The Crucifixion, with the Virgin and Saint John the Evangelist Mourning
by Rogier van der Weyden, 1460-65.
From the Philadelphia Museum of Art: Handbook of the Collections (1995), p. 167. by Katherine Crawford Luber, 1995:
The greatest old master painting in the Museum, Rogier van der Weyden's diptych presents the Crucifixion as a timeless dramatic narrative. To convey overwhelming depths of human emotion, Rogier located monumental forms in a shallow, austere, nocturnal space accented only by brilliant red hangings. He focused on the experience of the Virgin, her unbearable grief expressed by her swooning into the arms of John the Evangelist. The intensity of her anguish is echoed in the agitated, fluttering loincloth that moves around Christ's motionless body as if the air itself were astir with sorrow. Rogier's use of two panels in a diptych, rather than the more usual three found in a triptych, is rare in paintings of this period, and allowed the artist to balance the human despair at the darkest hour of the Christian faith against the promise of redemption.

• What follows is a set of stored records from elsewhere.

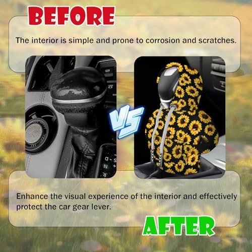 - Beautiful Sunflower Design: This gear shift hoodie cover features a vibrant sunflower pattern that adds warmth and a natural feel to your car's interior. Shift knob hoodie ideal for owners who love sunshine and nature, suitable for both men and women
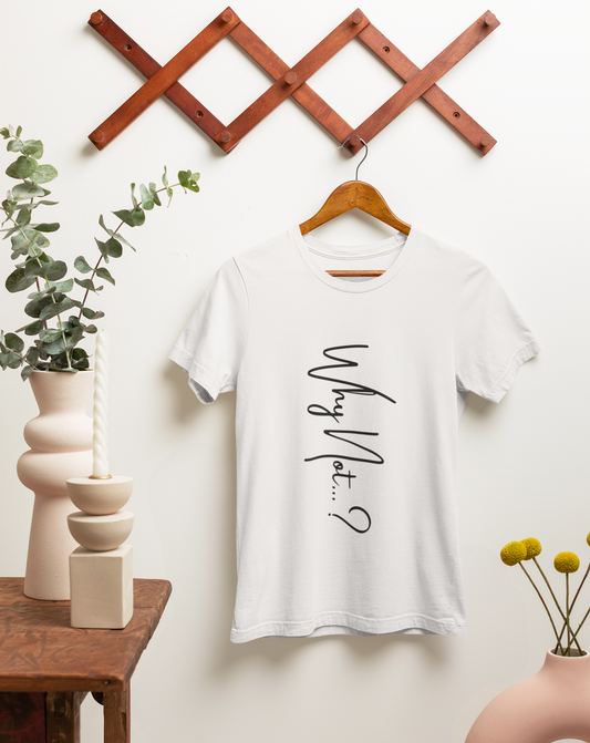 'Why not?' woman's organic cotton t-shirt. Small through to plus-size
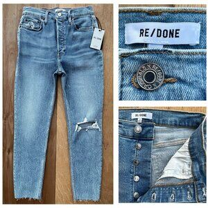 RE/DONE 90s HIGH RISE ANKLE CROP BUTTON FLY JEANS WOMEN’S sz 29 Frayed Hem NWT
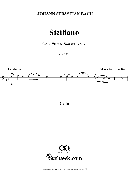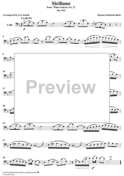 Digital Sheet Music for Siciliano from "Flute Sonata No. 2" - Cello by Leo Schulz, Johann Sebastian Bach scored for Cello/Piano; id:273686
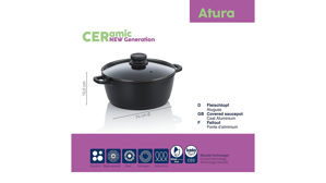 Fleischtopf Atura – Erweitern Sie Ihre Küche mit diesen hochwertigen Kochtöpfen aus Aluguss, die in drei praktischen Größen erhältlich sind. Diese Töpfe zeichnen sich durch eine innovative Keramikbeschichtung aus. Sie sorgt für eine gleichmäßige Hitzeverteilung und einen langanhaltenden Antihafteffekt, wodurch das Kochen besonders einfach und angenehm wird. Die Keramikbeschichtung und die robusten Griffe aus einem Guss gewährleisten maximale Stabilität. Nach dem Kochen lassen sich die Töpfe mühelos reinigen, sodass Sie mehr Zeit für die Dinge haben, die Ihnen wichtig sind. Diese Kochtöpfe sind die perfekte Ergänzung für Ihre Küche. Fleischtopf Atura inklusive Deckel, 24 cm Durchmesser.
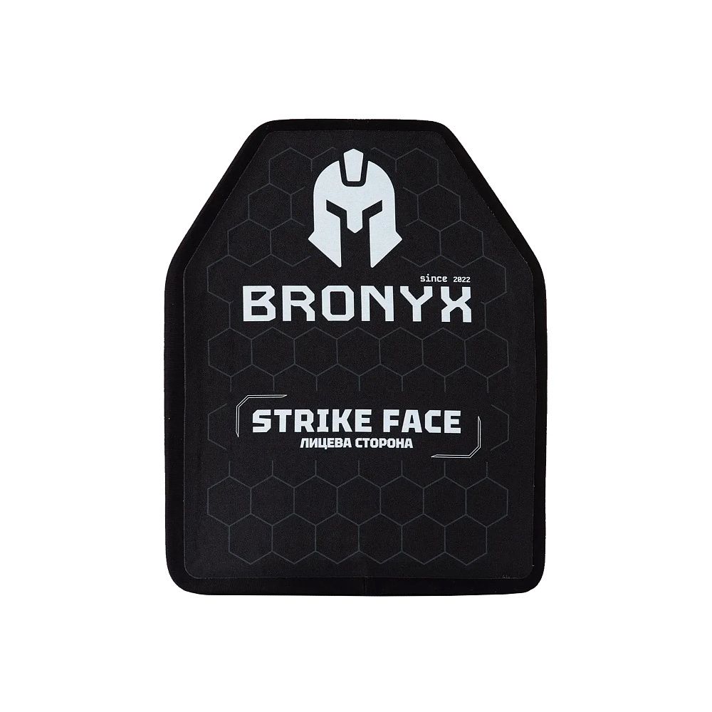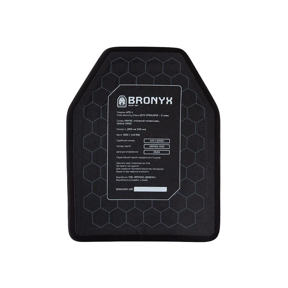 BRONYX бронеплита 3-го класу розмір L – є найлегшою плитою в лінійці жорстких бронеелементів Bronyx, належить до 3-го класу захисту згідно з ДСТУ 8782:2018. За результатами випробувань, проведених в сертифікованій лабораторії, дані бронеплити можуть захистити від куль 7Н6 (5.45 х 39 ПС) та 57-Н-231(7,62 х 39 ПС), а також від ураження уламками різної величини, шрапнелі та рикошетів.
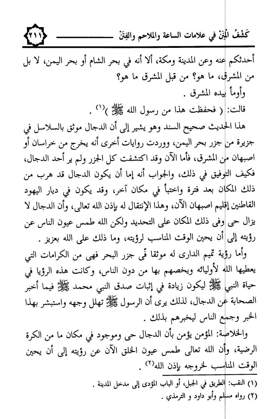 هذا الحديث صحيح السند وهو يشير إلى أن الدجال موثق بالسلاسل في جزيرة من جزر بحر اليمن، ووردت روايات أخرى أنه يخرج من خراسان أو أصبهان من المشرق، فأما الآن وقد اكتشفت كل الجزر ولم ير أحد الدجال، فكيف التوفيق في ذلك، والجواب أنه إما أن يكون الدجال قد هرب من ذلك المكان بعد فترة واختبأ في مكان آخر، وقد يكون في ديار اليهود القاطنين إقليم اصبهان الآن، وهذا الإنتقال له بإذن اللَّه تعالى، وأن الدجال لا يزال حى وفى ذلك المكان على التحديد ولكن اللَّه طمس عيون الناس عن رؤيته إلى أن يحين الوقت المناسب لرؤيته، وما ذلك على اللَّه بعزيز.

I only add to Ms. Luber's beautiful discussion that the duality of the two sides of the diptych, with the overwhelming emotion in Mary on one side, and the austere presentation of the suffering Christ on the other, is not total but is broken by the small piece of Mary's garment that slips to the other side.
You can see this painting in the Philadelphia Museum of Art, where its presence dominates the Medieval section of the museum.